Other supported class-incremental learning algorithms include: Finetune, Joint, iCaRL, EWC, BiC, WA, DER, Coil, FOSTER, SSRE, FeTrIL, MEMO, etc.

Few-shot Class-incremental Learning Algorithms

algorithm:
  type: SAVC  # Few-shot class-incremental learning algorithm
  # Algorithm-specific parameters
  alpha: 1.0
  beta: 0.1

Out-of-Distribution Detection Algorithms

algorithm:
  type: MSP  # Maximum Softmax Probability
  # or
  type: MLS  # Maximum Logit Score
  # or
  type: MCM  # Maximum Concept Matching

Other supported out-of-distribution detection algorithms include: ODIN, VIM, MDS, DML, FDBD, GODIN, MCM, GL-MCM, etc.

config.dataloader

Data loader configurations define the datasets and data loading parameters used in experiments:

_base_: configs/dataloader/OES/oes.yaml  # Inherit base dataset configuration

dataloader:
  train:
    dataset:
      type: OES  # Dataset type
      root: /path/to/dataset  # Dataset path
      split: train  # Dataset split
    batch_size: 128  # Batch size
    num_workers: 4  # Number of data loading worker threads
    shuffle: True  # Whether to shuffle data

  val:  # Validation set configuration
    dataset:
      type: OES
      root: /path/to/dataset
      split: val
    batch_size: 128
    num_workers: 4
    shuffle: False

Supported datasets include: OES, CIFAR10, CIFAR100, ImageNet, ImageNetR, CUB200, Remote, Food101, Caltech101, etc.

config.model

Model configurations define the model architecture and related parameters used in experiments:

model:
  type: ResNet18  # Model type
  # Or use a more complex definition
  type: ResNet_Base
  network:
    type: ResNet18
    num_classes: 94
  checkpoint: "/path/to/checkpoint.pth"  # Pre-trained model path
  loss: CrossEntropyLoss  # Loss function type

Supported models include:

• Standard CNN models: ResNet18, ResNet34, ResNet50, ResNet101
• Vision-language models: CLIP-B/16, CLIP-B/32, RSCLIP-B/16, RSCLIP-B/32
• Algorithm-specific models: AliceNET, CoOp, LoCoOp, SCT, DPM

config.pipeline

Pipeline configuration files integrate all of the above components into a complete experiment configuration, for example, a supervised learning pipeline configuration:

_base_: configs/dataloader/OES/oes.yaml  # Inherit data loader configuration

trainer:
  type: PreTrainer  # Trainer type
  max_epochs: 10  # Maximum training epochs

algorithm:
  type: StandardSL  # Algorithm type

model:
  type: ResNet18  # Model type

criterion:
  type: CrossEntropyLoss  # Loss function

optimizer:
  type: Adam  # Optimizer
  lr: 0.0003  # Learning rate
  weight_decay: 0.0001  # Weight decay

scheduler:
  type: Constant  # Scheduler type

seed: 0  # Random seed
device: cuda  # Device

exp_name: exp  # Experiment name
work_dir: ./output/supervised/sl_oes_rn18  # Output directory

How to Use Configurations

Configuration files can be passed to the training script via command line:

python ncdia/train.py --cfg configs/pipeline/supervised_learning/sl_oes_rn18.yaml --opts device='cuda:0'

The --opts parameter allows overriding any parameter in the configuration file.

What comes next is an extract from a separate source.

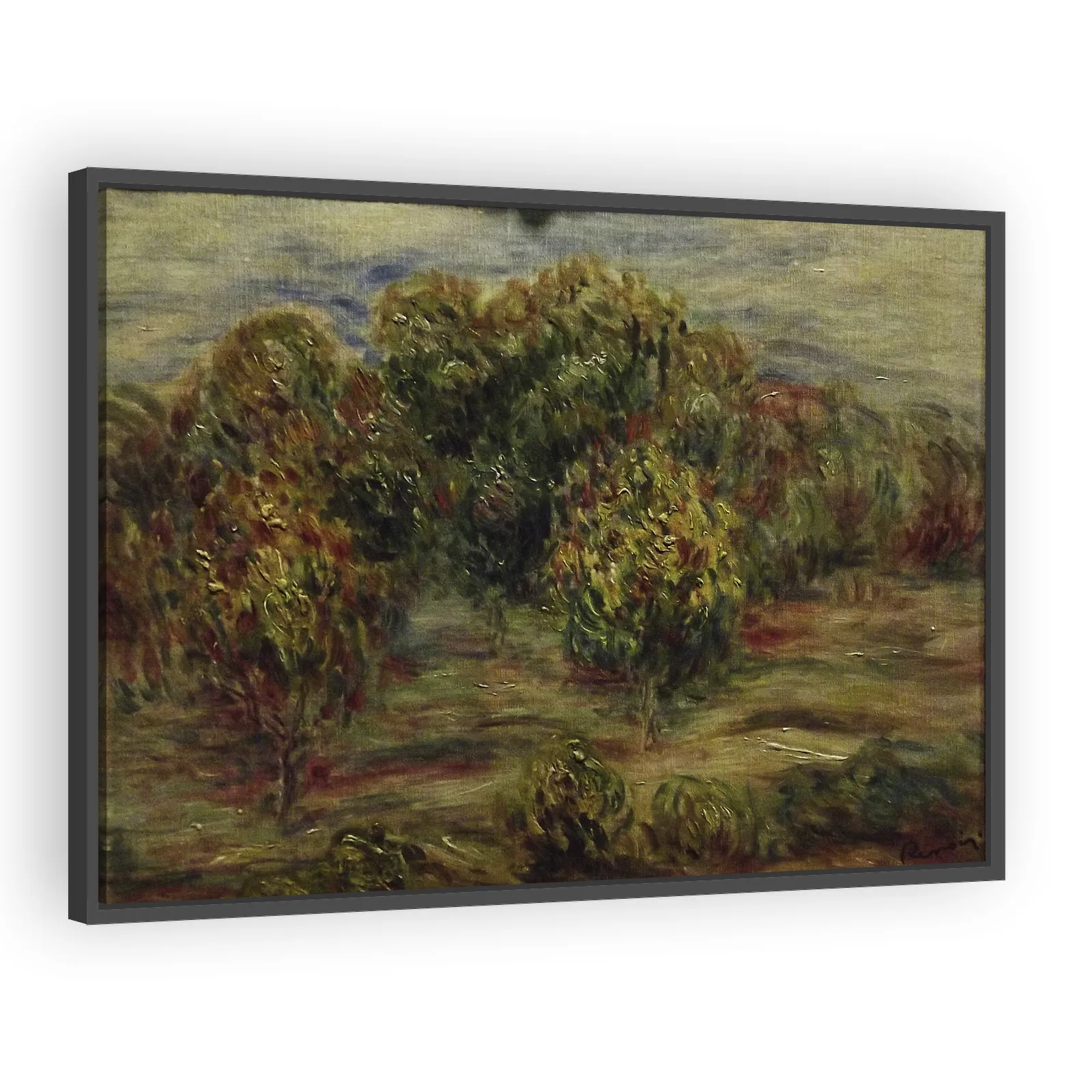 A luminous late-period landscape by Pierre-Auguste Renoir, painted in 1910 at Cagnes-sur-Mer. Rich color, warm light, and fluid brushwork capture the Mediterranean atmosphere and the artist’s evolving...

Configuration Inheritance Mechanism

OpenHAIV's configuration system supports composition based on inheritance, making configurations more modular and reusable:

_base_: [
  configs/dataloader/OES/oesfull.yaml,  # Inherit data loader configuration
  configs/algorithms/ood_detection/dml.yaml,  # Inherit algorithm configuration
]

# Override or add specific parameters
trainer:
  type: DetTrainer
  max_epochs: 10

model:
  type: ResNet_Base
  network:
    type: ResNet18
    num_classes: 94

Through the inheritance mechanism, repetitive configurations can be avoided, improving the maintainability of configuration files.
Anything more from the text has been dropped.